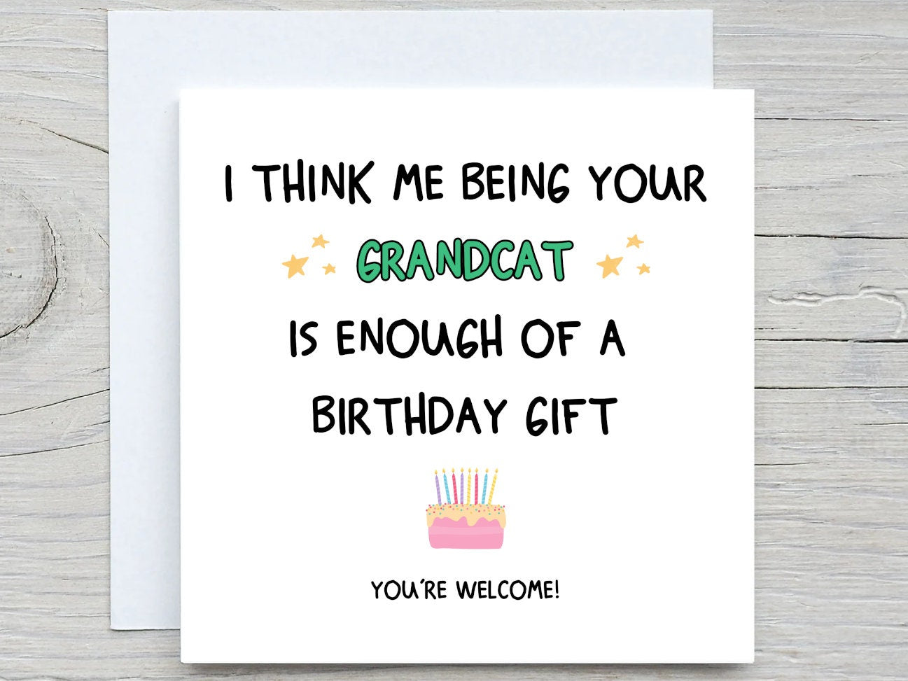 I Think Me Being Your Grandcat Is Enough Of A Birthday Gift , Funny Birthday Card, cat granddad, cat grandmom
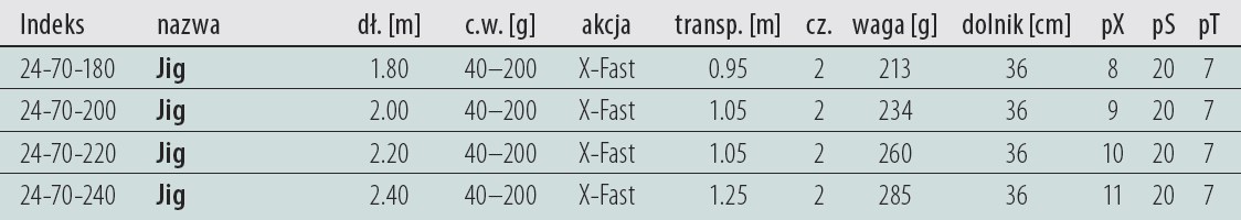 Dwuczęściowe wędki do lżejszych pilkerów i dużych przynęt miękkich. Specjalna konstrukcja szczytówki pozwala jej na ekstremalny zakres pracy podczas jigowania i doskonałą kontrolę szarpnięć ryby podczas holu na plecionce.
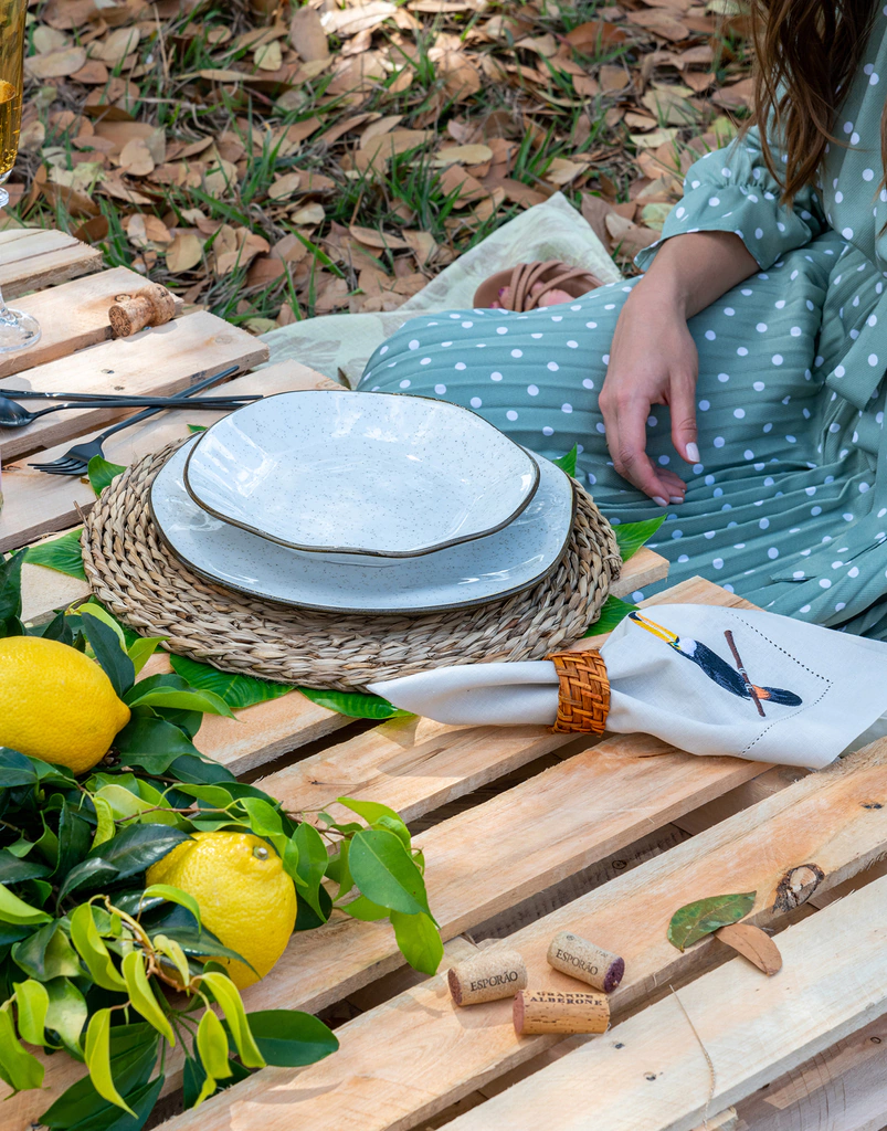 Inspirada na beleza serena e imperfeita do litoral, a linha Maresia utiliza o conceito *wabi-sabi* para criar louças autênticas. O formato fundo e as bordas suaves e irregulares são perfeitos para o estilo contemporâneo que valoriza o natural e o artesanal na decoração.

● Work to complete:
No pictures go in the copy. Set down all the data exactly.

● Output of the task:
 I Think Me Being Your Grandcat Is Enough Of A Birthday Gift , Funny Birthday Card, cat granddad, cat grandmom
 Dwuczęściowe wędki do lżejszych pilkerów i dużych przynęt miękkich. Specjalna konstrukcja szczytówki pozwala jej na ekstremalny zakres pracy podczas jigowania i doskonałą kontrolę szarpnięć ryby podczas holu na plecionce.
 Inspirada na beleza serena e imperfeita do litoral, a linha Maresia utiliza o conceito *wabi-sabi* para criar louças autênticas. O formato fundo e as bordas suaves e irregulares são perfeitos para o estilo contemporâneo que valoriza o natural e o artesanal na decoração.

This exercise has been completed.